泊まったのは【ホリデイインブラワヨ:$200(朝食なし)】でした。朝食の金額を聞くと$20ということでホテルで食事をとらずにブラワヨ市内のガソリンスタンド併設のコンビニで食事です。昨日バイク屋を教えてくれたりした「チャオス」さんが居たので再会を喜び、店内で朝食を済ませました(言い方換えればただの買い食いです(笑))

I stayed at [Holiday Inn' Bulawayo: $200 per night (excluding breakfast)]. When I asked to a staff about the cost of breakfast, it'S $20, so I didn't have breakfast there, and I go to a gas station which has a convenience store in town of Bulawayo to have my breakfast. I met Mr. Chaos who told me the location of a motorbike shop yesterday again and we were glad each other to meet again, and I finished my breakfast inside a convenience store. (In other words, I just spent my money on junk food. lol)


市内のATMでお金を下ろすとUSドルが出て来る珍しい国なので銀行に寄りいざ出発です。(ジンバブエはインフレで当該国通貨が破綻したためUSドルが流通しています)

This is the rare country which we can withdraw US$ at ATM in the town, so I drop by a bank then will depart. (In Zimbabwe, since interested-states currency failed in inflation, US$ is circulating.)
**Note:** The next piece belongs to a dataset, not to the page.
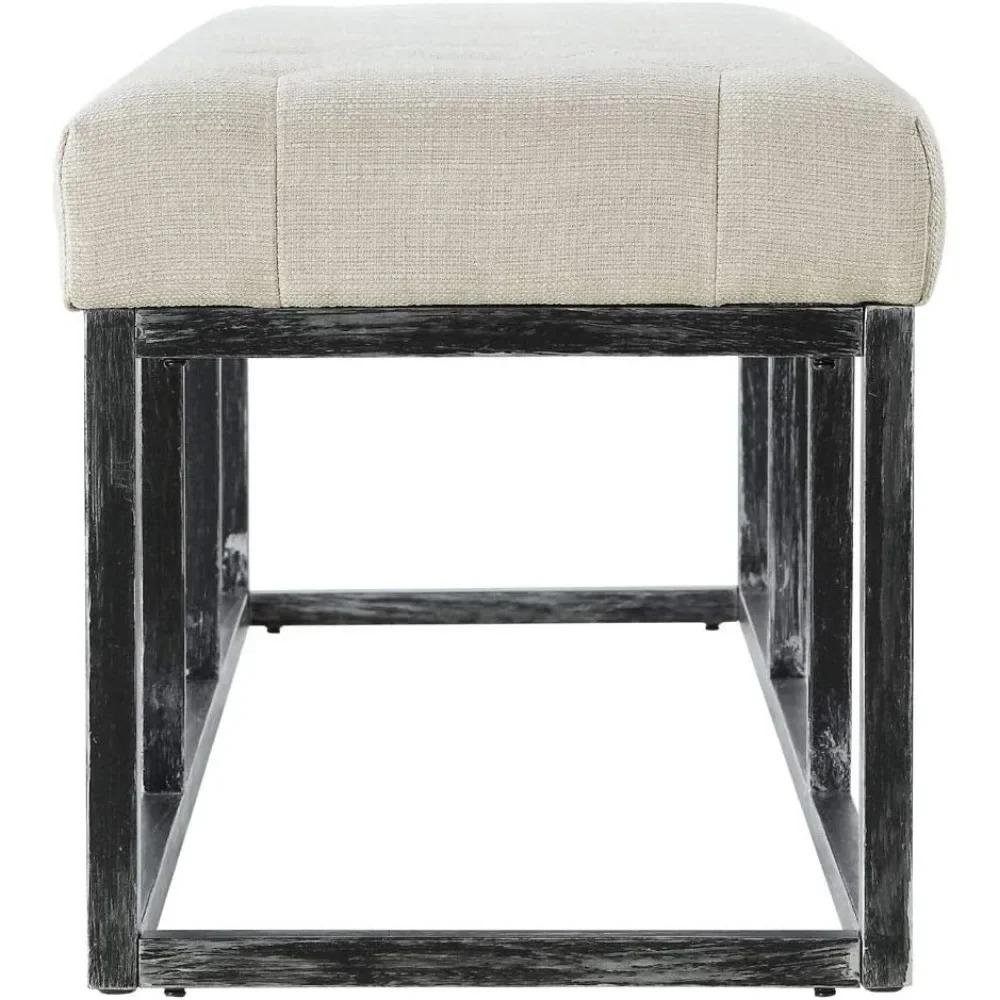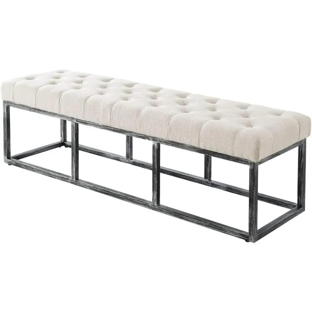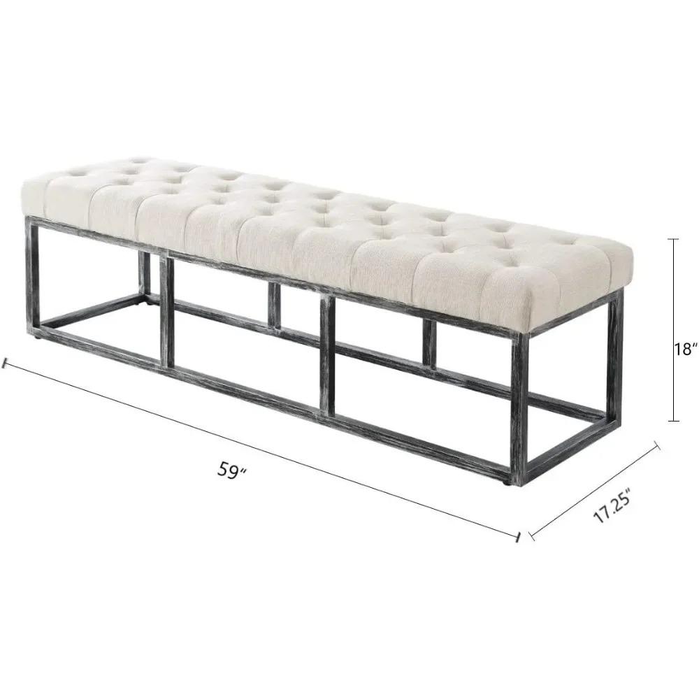 This upholstered tufted long bench seat is the perfect addition to any indoor living space, adding both style and functionality. With a metal frame leg for stability, this bench stool is made out of high quality linen material, making it both durable and comfortable.

ハバローネを目指し走行しているとなんだか道が狭くなってきます。国境に向かう道にしては狭いな~と思っていましたがまたすぐに広くなるのだろうと思っていました。しかしどんどん狭くなる一方だし道の状態も悪くなってきています。またあれだけ人がどこにで歩いているアフリカの道なのでまったく誰も歩いていません。最初は日曜だからだろうと思っていましたがさすがに不安になってきました。一度来た道を戻ったほうがいいのか、しかしすでに70キロほど走って来ている。どうしようか・・と考えながら走っていると向こうから人が!!!(嬉)年齢を聞くと18才の若者でした。道を尋ねるのと、ジンバブエ代表として子供(?)インタビューをさせてもらいました。道については「ボツワナへの国境はそのままで大丈夫。近いですよ」と言われたので、なーんだやっぱり心配は思い過ごしの内だったな・・と思ったのが大間違いの始まり!!行けども行けども道は悪くなり風景も山の中に入り込みGPSが示す方角も違う方向になっています。いやー完全に違う道に入り込んだな。。どこで道を間違えたのかを考えると確かに分かれ道があったような気がするが、標識がないところだったかアフリカはあってもかなり小さいところが多いので見落としたかです。しかし道について別の人達に聞いても「その方向がボーダー(国境)です」と言う。結論から言えば私が行きたい国境とは違う場所の国境の方向だったのです。かなり走ったところで分かれ道があり道を教えてくれる人に出会った。「ここから89キロ先が国境に抜ける町だよ」「とにかくまっすぐだよ」と。その方向に向かっていくとまずすぐにダート!それもコルゲーション(洗濯板状)が酷い道に。さらに進むと今度は岩石瓦礫の道、超凹凸の道、まったくスピードが出せません。立ち乗車状態が続きます。さらに深い砂の道、ここで転倒しかかりそうに何度もなりました。さらに今日の早朝から雷雨と豪雨が続いたため道は完全にぬかるみ、私の近くに雷が落ち(超怖)、またいきなり目の前に道を完全に埋める池のようになった巨大な水たまりはもうどうしたらよいかわからなくなります(笑) その池を避けるために脇の草むらを走行しようとしたところで私の想像よりはるかに地面がぬかるんでおり前輪が埋没!そして後輪は泥を跳ね上げるだけで空転を続けるだけでもう全くバイクが動かない状態になってしまいました。いわゆるスタッグです。完全に血の気が引いていきます。運良く小さな村から近いところだったので村人が寄ってきてくれました。結果5人がかりでバイクを引っ張りだしてくれて彼らも皆泥だらけになってしまったのですが少し多めの御礼を渡すと皆大喜びでした。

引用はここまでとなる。